In many cases, orders are being issued for cell-tower site data, which are
less precise than the data derived from E911 signals. While the E911
technology could possibly tell officers what building a suspect was in,
cell-tower site data give an area that could range from about three to 300
square miles.

Since 2005, federal magistrate judges in at least 17 cases have denied
federal requests for the less-precise cellphone tracking data absent a
demonstration of probable cause that a crime is being committed. Some went
out of their way to issue published opinions in these otherwise sealed cases.

"Permitting surreptitious conversion of a cellphone into a tracking device
without probable cause raises serious Fourth Amendment concerns especially
when the phone is in a house or other place where privacy is reasonably
expected," said Judge Stephen William Smith of the Southern District of
Texas, whose 2005 opinion on the matter was among the first published.

But judges in a majority of districts have ruled otherwise on this issue,
Boyd said.

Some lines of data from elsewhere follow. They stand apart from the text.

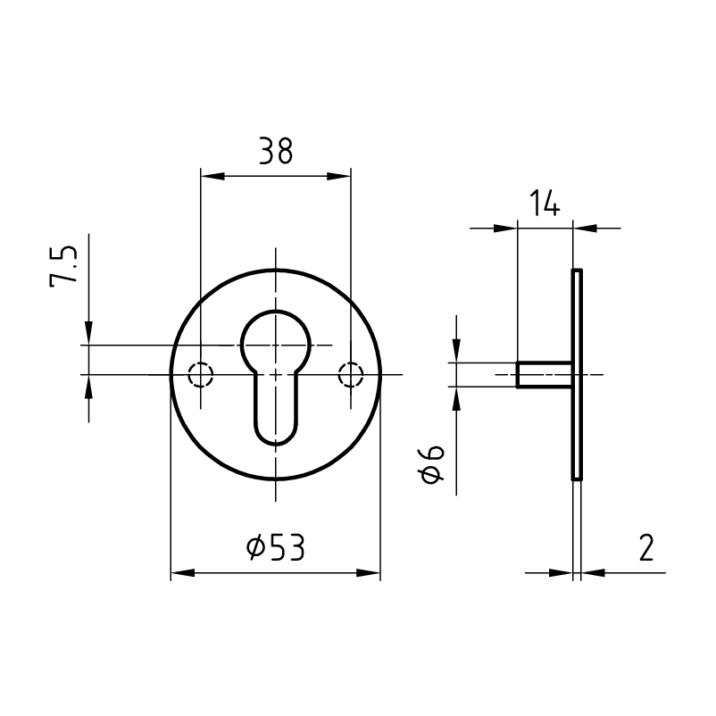 rosace extérieure 2 mm avec 2 raccords filetés M4 x 14 mm,
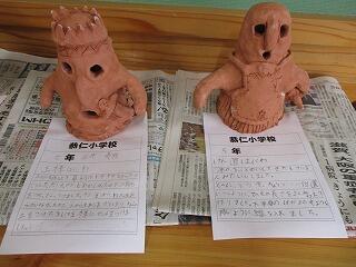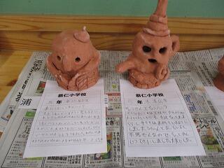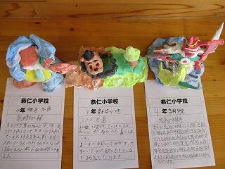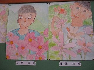 9月に入って図工で取り組んでいた5年生の絵画「コスモスとわたし」や焼き物の埴輪が仕上がりました。秋になると恭仁小学校の周りには色とりどりのコスモスが風に揺れ、秋の訪れを知らせてくれます。5年生は恭仁の風景であるコスモスと自分や友達を描きました。焼き物は埴輪に挑戦です。イメージした埴輪は、個性豊かでユニークな物ばかり、見とれて思わず微笑んでしまいます。
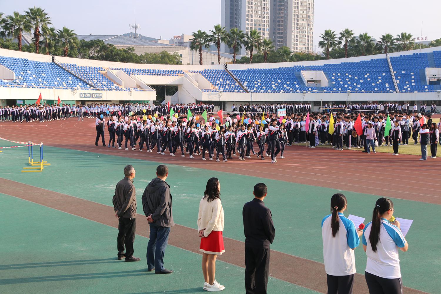 伴随着激昂的《运动员进行曲》,彩旗方阵及各班代表队依次入场,步伐铿锵,口号嘹亮,点燃全场激情。升旗仪式结束后,副校长何永新致开幕词,希望同学们发挥体育精神,争取好成绩,为班级争光。随后,校党支部书记、德育副校长苏柏春宣布运动会开幕。
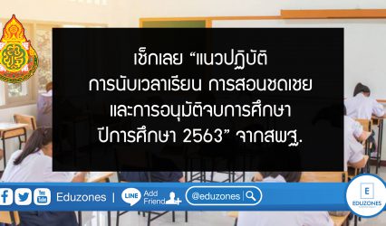 ครู-อาจารย์ เช็กเลย “แนวปฏิบัติ การนับเวลาเรียน การสอนชดเชย และการอนุมัติจบการศึกษา ปีการศึกษา 2563” จากสพฐ. EZ Webmaster May 21, 2020 เมื่อวันที่ 20 พฤษภาคม 2563 ที่ผ่านมา สำนักงานคณะกรรมการการศึกษาขั้นพื้นฐาน (สพฐ.) ส่งหนังสือถึง ผู้อำนวยการสำนักงานเขตพื้นที่การศึกษาทุกเขต เพื่อแจ้งถึงแนวปฏิบัติ การนับเวลาเรียน การสอนชดเชย และการอนุมัติจบการศึกษา ปีการศึกษา 2563…
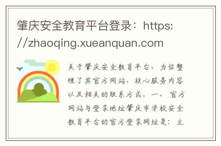 关于肇庆安全教育平台,为你整理了其官方网站、核心服务内容以及相关的联系方式。

Shortly after Smith issued his decision, a magistrate judge in the
same district approved a federal request for cell-tower data without
requiring probable cause. And in December 2005, Magistrate Judge Gabriel W.
Gorenstein of the Southern District of New York, approving a request for
cell-site data, wrote that because the government did not install the
"tracking device" and the user chose to carry the phone and permit
transmission of its information to a carrier, no warrant was needed.

These judges are issuing orders based on the lower standard, requiring a
showing of "specific and articulable facts" showing reasonable grounds to
believe the data will be "relevant and material" to a criminal investigation.

Boyd said the government believes this standard is sufficient for cell-site
data. "This type of location information, which even in the best case only
narrows a suspect's location to an area of several city blocks, is routinely
generated, used and retained by wireless carriers in the normal course of
business," he said.

The trend's secrecy is troubling, privacy advocates said. No government body
tracks the number of cellphone location orders sought or obtained.
Congressional oversight in this area is lacking, they said. And precise
location data will be easier to get if the Federal Communication Commission
adopts a Justice Department proposal to make the most detailed GPS data
available automatically.

Often, Gidari said, federal agents tell a carrier they need real-time
tracking data in an emergency but fail to follow up with the required court
approval. Justice Department officials said to the best of their knowledge,
agents are obtaining court approval unless the carriersprovide the data
voluntarily.

To guard against abuse, Congress should require comprehensive reporting to
the court and to Congress about how and how often the emergency authority is
used, said John Morris, senior counsel for the Center for Democracy and
Technology.

Staff researcher Richard Drezen contributed to this report.